Another most prevalent state, dubbed as “Published in EU: yes” also has a low number of bids. In that state, the criteria for selection were the price in 96% of cases, all tenders have been published in the EU, the average number of received bids was 1.7 and the final value of the contract was around 618,881 EUR.

Introducing further recolouring mechanisms based on selected attributes reveal another state (Figure 4), which plots final values of the contract above average. This state has the following average properties: criteria for selection was in 92% the price, all tenders have been published in the EU, the average number of received bids was 9.4 and the final value of the contract was around 25,1 million EUR.

Figure 4: State with the second highest average value of contracts.

The distribution of numbers of received bids shows that in general, hospitals in Slovenia only receive a low number of bids. This could be an indicator of low competition. However, this is not always the case. By selecting colouring based on this attribute – number of received bids – we can quickly spot one state, with an average number of 57,18 received bids (Figure 5). This state has the following average properties: criteria for selection was always the price, 82% of the tenders have been published in the EU and the final value of the contract was around 3,6 million EUR.

Adding to this, we can spot another two states with above average numbers of received bids, with the following properties: in the first, the criteria for selection were in all cases price, 85% of the tenders have been published in the EU, the average number of received bids was 32,2 and the final value of the contract was around 1,2 million EUR. In the second case, the criteria for selection were in all cases price, 79% of the tenders have been published in the EU, the average number of received bids was 16 and the final value of the contract was around 1,6 million EUR.

Figure 5: State with the highest average number of received bids.

The complexity and the vast amount of public procurement data means that patterns in that data are hard to spot even for people who have a solid background in data analytics.

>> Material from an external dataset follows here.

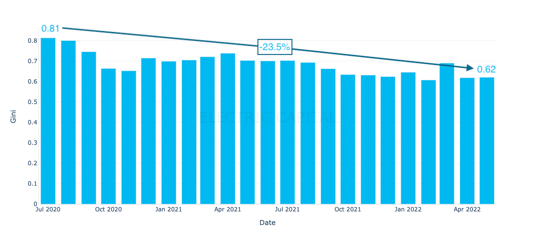 Como se ve en el gráfico de arriba, la buena noticia es que el promedio de todas las DAO en el coeficiente de Gini ha bajado de 0,81 a 0,62. Esto representa una reducción del 23% aproximadamente y, en definitiva, una mayor descentralización a la hora de decidir sobre aspectos básicos del protocolo.
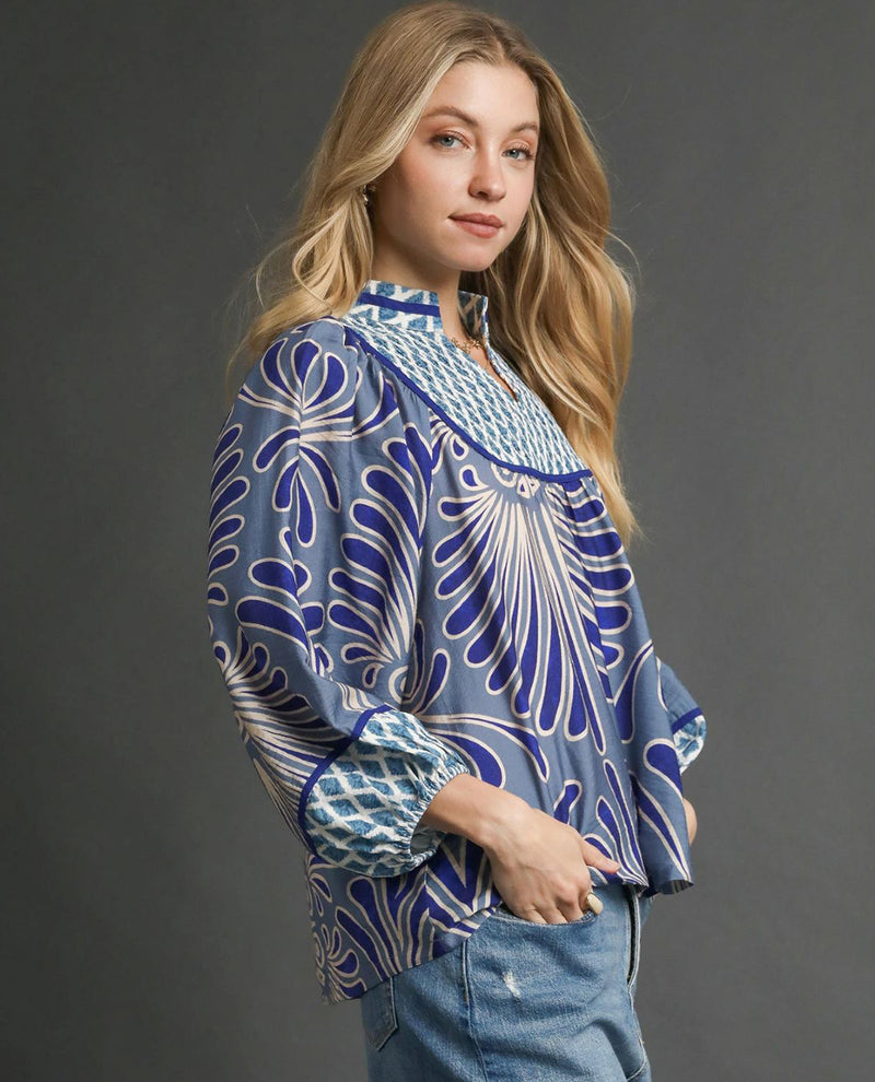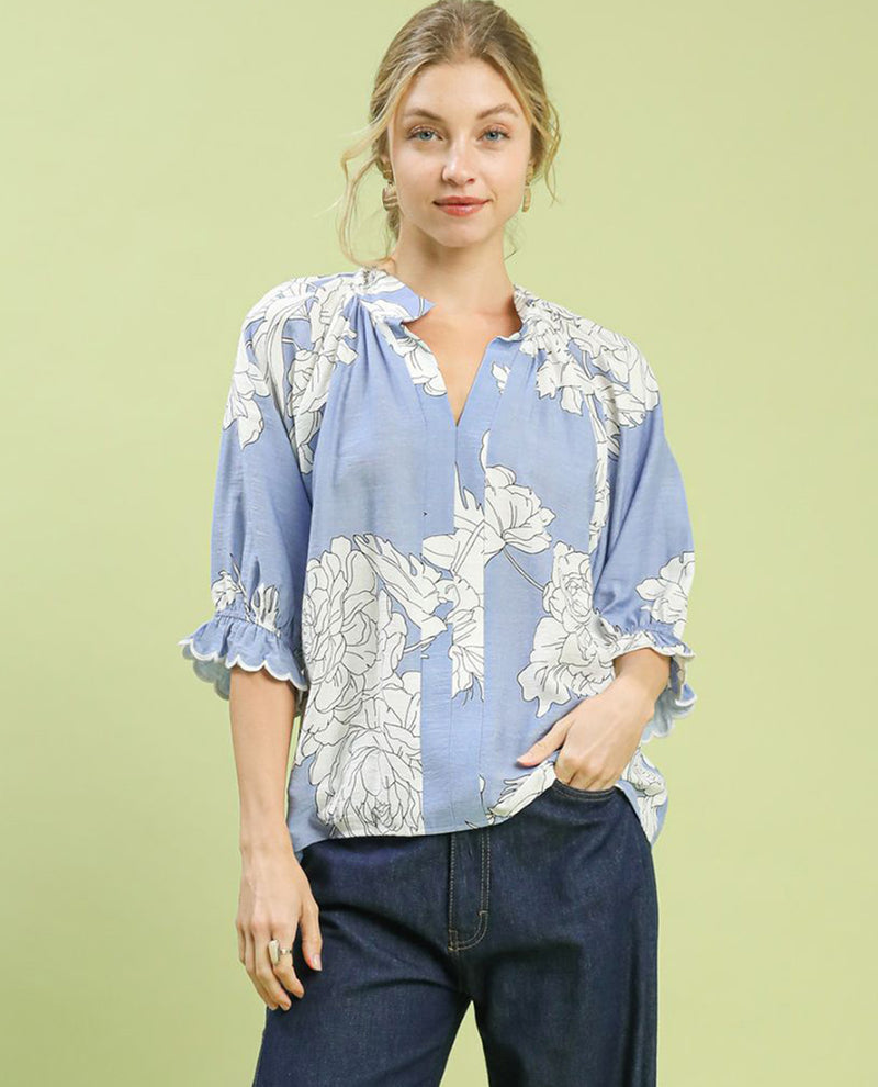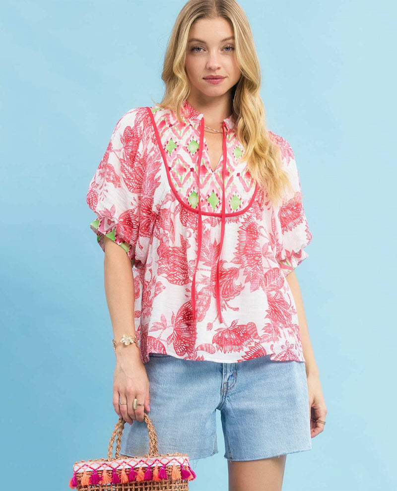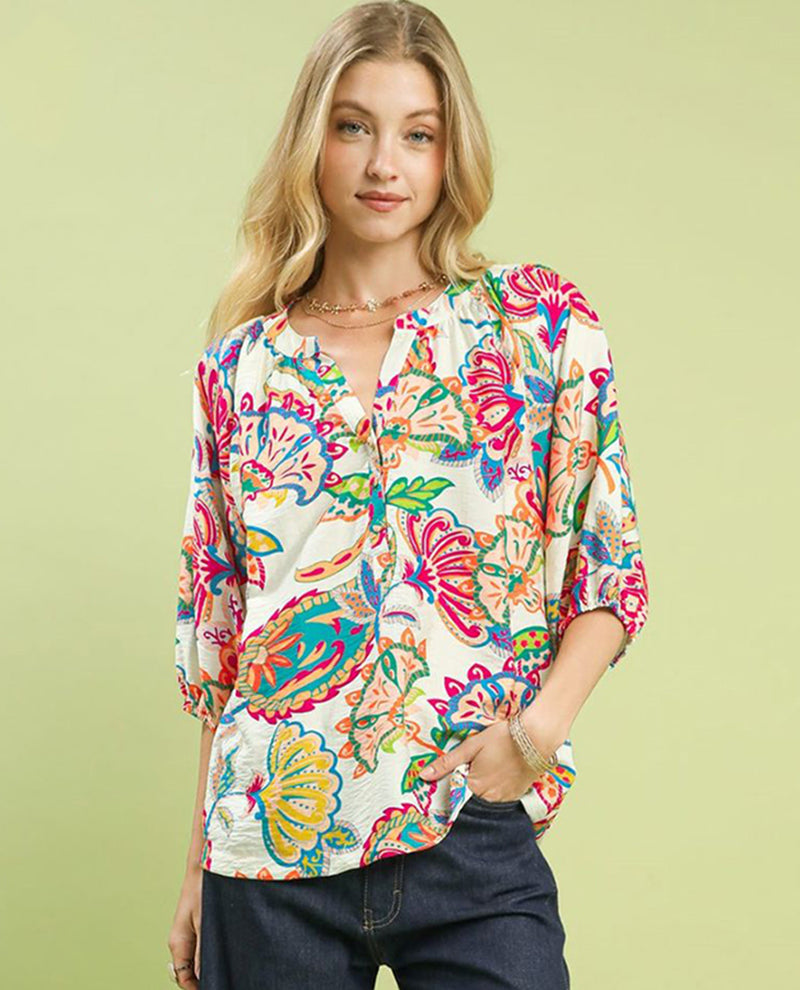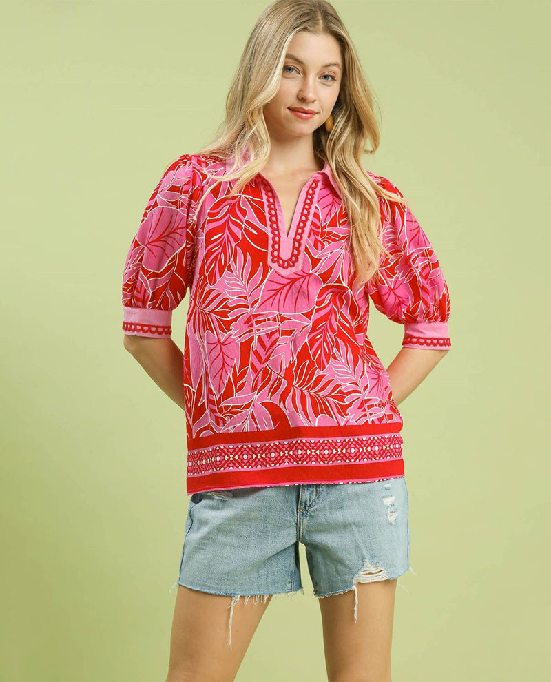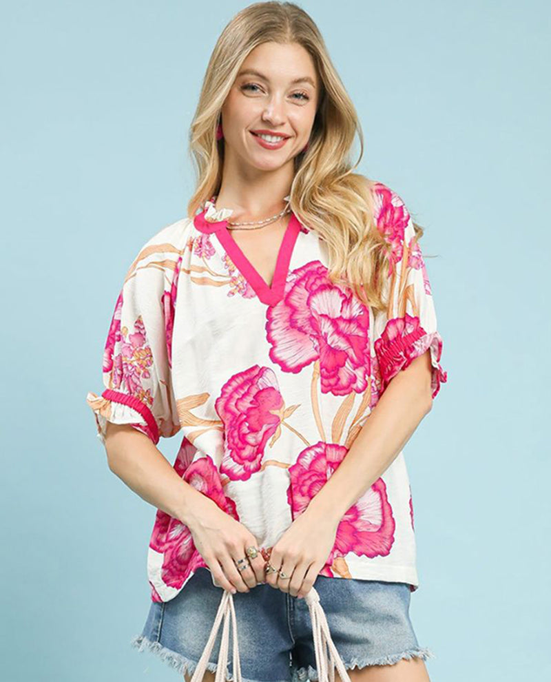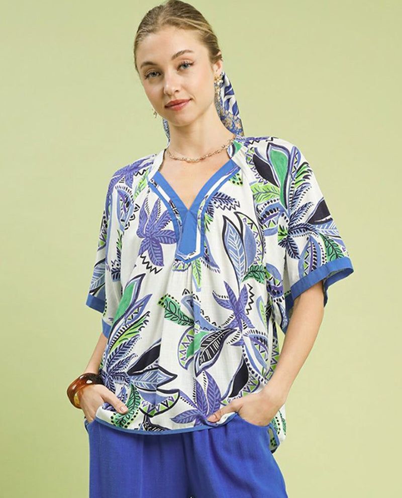 Umgee Print Top with Split V-neck and Short Relaxed Sleeves

But searching for recurrent patterns and anomalies is much easier if these patterns stand out visually. The two examples above show how the StreamStory tool can help users identify and investigate recurrent behaviour in this data as it visually exposes interesting patterns and also provides automatically generated suggestions of possible interpretations and descriptions.

StreamStory has been designed to be easy to use. Admittedly, it does require appropriate preparation of input data (i.e. a transformation of the dynamic network into sparse feature vectors). Fortunately, the export function on our web analytics platform solves this problem. Together with our web analytics platform, StreamStory is a very useful tool for domain experts such as public procurement officials and decision makers, investigative journalists or other interested members of the public. StreamStory, together with our web analytics platform, can raise significantly levels of transparency and can help detect unwanted behaviour.